Since January, a few of us have increased the intensity of our training, so now we train about six times a week. So sometimes we go to the gym at 6.30am; we do heavy weights or we do power endurance sets, which means like a hundred reps of bicep curls, a hundred reps of thrusters – a lot of hundred reps. And some of us take CrossFit as well to increase our metcon (metabolic conditioning), and every Tuesday night we will go to Kallang racetrack to sprint.
Which corporate team trains six times a week? I don’t think there’s any corporate team that trains six times a week.
At this point we’re very particular about our diet. We look at calories, carbohydrates, protein and fat; we measure our Macros every day.
Your most heartbreaking?
The most heartbreaking experience was in 2014, at the DBS Marina Regatta as well. We lost the 200m race to another local team, and we were prepared to regain our championship position the following day with the 500m race. If we had won the 500m race, we would have been the overall champions, and we were very confident actually.
But it rained out and we didn’t get to race. We wanted to commit suicide.
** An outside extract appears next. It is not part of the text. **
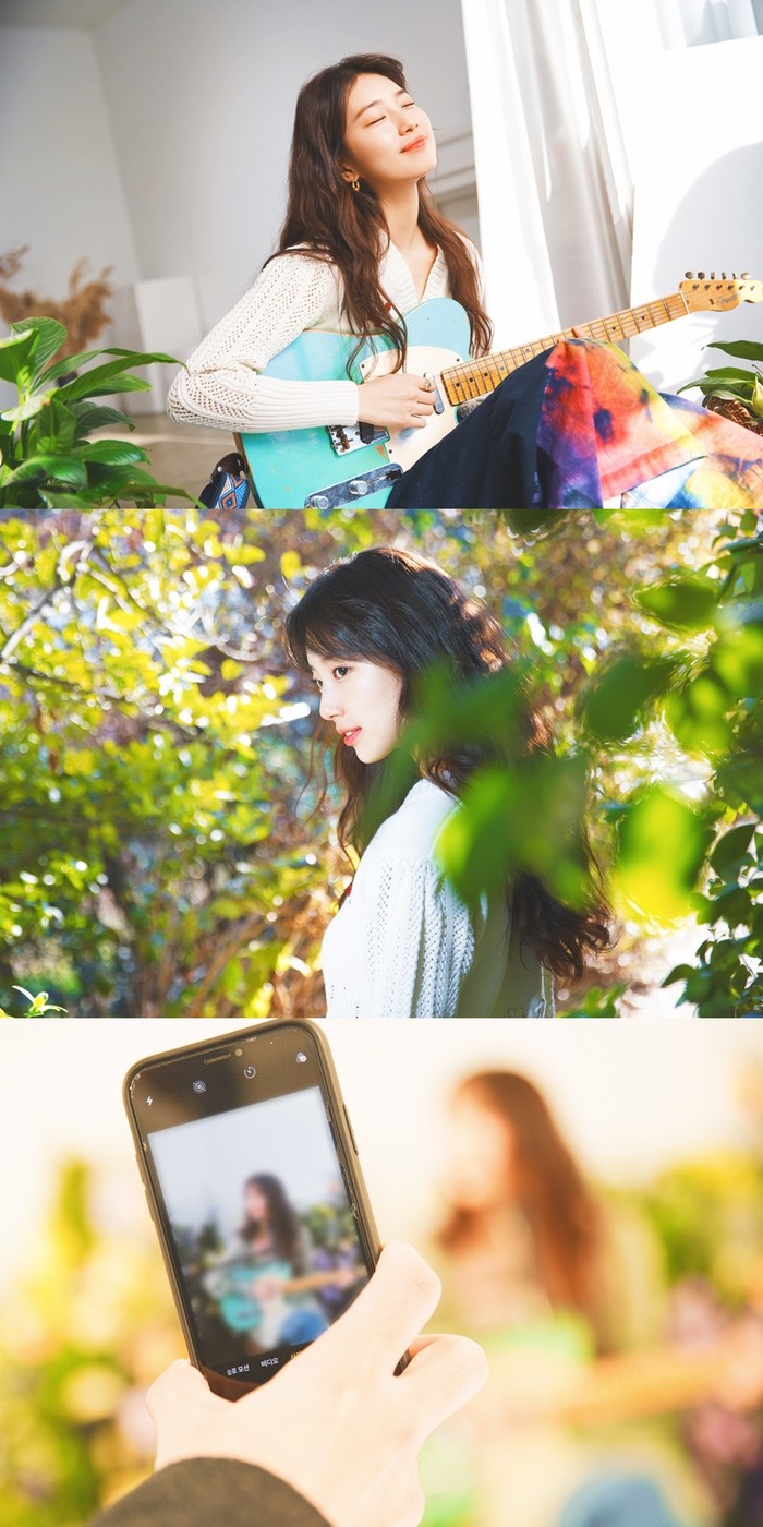 수지는 밝은 햇살이 비치는 방 안, 포근한 침대 위에 누워 뒹굴거리며 달콤한 휴식을 즐기기도 하고, 무언가를 골똘히 생각하며 글을 써내려가다가, 책을 읽기도 하고, 기타 연주에 한껏 몰입하는 등 다양한 장면들 속에서 끊임없이 여신 미모를 뽐내며 시선을 사로잡고 있다. 음악에 흠뻑 빠진 듯 행복한 표정, 푸르른 녹음 속 싱그러운 미소, 장난기 넘치는 웃음까지 여러 표정들을 지어 보이며 ‘출구 없는 매력’을 선보이는 것.

Share an inspiring story you have of a tournament or an experience with teammates that made you love this sport even more.
We started with a team of six girls four years ago. But this year we grew to a band strength of 22, 23 girls. Our ages range from 20 all the way to 54 years old.
Together as a team we’re very united, we’re very strong. The phrase to sum it all is “we feed off each other’s craziness”. All it takes is one person to say, “let’s go to the gym tomorrow morning at 6.30am”, and everybody will say, “ok, on, everybody go”. It’s very inspiring and motivating.
For the Macros Diet I was the one who started it, and soon at every lunchtime, there were five or six of us gathering together and eating the same thing. Chicken breast, cauliflower for its anti-inflammatory properties, etc.
We are very good friends. After training we’ll go for breakfast, we’ll go for meals, and we’ll be talking about the race sets. We even go on holidays together. And not to relax, but because we want to take on a new sport, or for another international race.
It actually helps because all of us come from different parts of the bank. Whenever I need help from another department I know there’s someone I can trust that will get the work done.

Was there a time you felt like walking away from the sport? What made you stay?
I guess, when training gets really tough, and when you’re in the boat after two hours, and you’re paddling so hard, sometimes you feel like crying, and you feel like giving up. It’s like, “why am I doing this, it’s not worth it”. But it’s just a fleeting thought, and you come back stronger.
What makes me stay are the girls. The team.
What life lessons has this sport taught you?
Our team mantra is – “In dragonboat and in life, there are only two options – either you make progress or you make excuses.” All of us choose to make progress.
There’s another phrase we tell each other – “Today we do what others won’t, so that tomorrow, we can do what others cannot do.”

How can people get involved if they’re interested in this sport?
They can go to their nearby community centres. Each of the community centres have their own dragonboat team.
Has there been an increase in interest for dragon boating?
There were 100 teams in 2012, and this year we have over 300 for the DBS Marina Regatta. For both guys and girls, participation has increased at the same rate.
For our team, four years ago we had six girls. This year we have 23 and we’re sending down two boats.
My sport is unique because… not a lot of girls do it. It takes a lot of real power, mental strength and physical endurance.
A second point is that this sport is unique because it’s really a sport of communication, not just about your individual abilities. You can’t just be good by yourself but out-of-sync with the rest. You cannot be an individual superstar, because it doesn’t work that way. It’s how you bring out the best of the nine other people in the boat.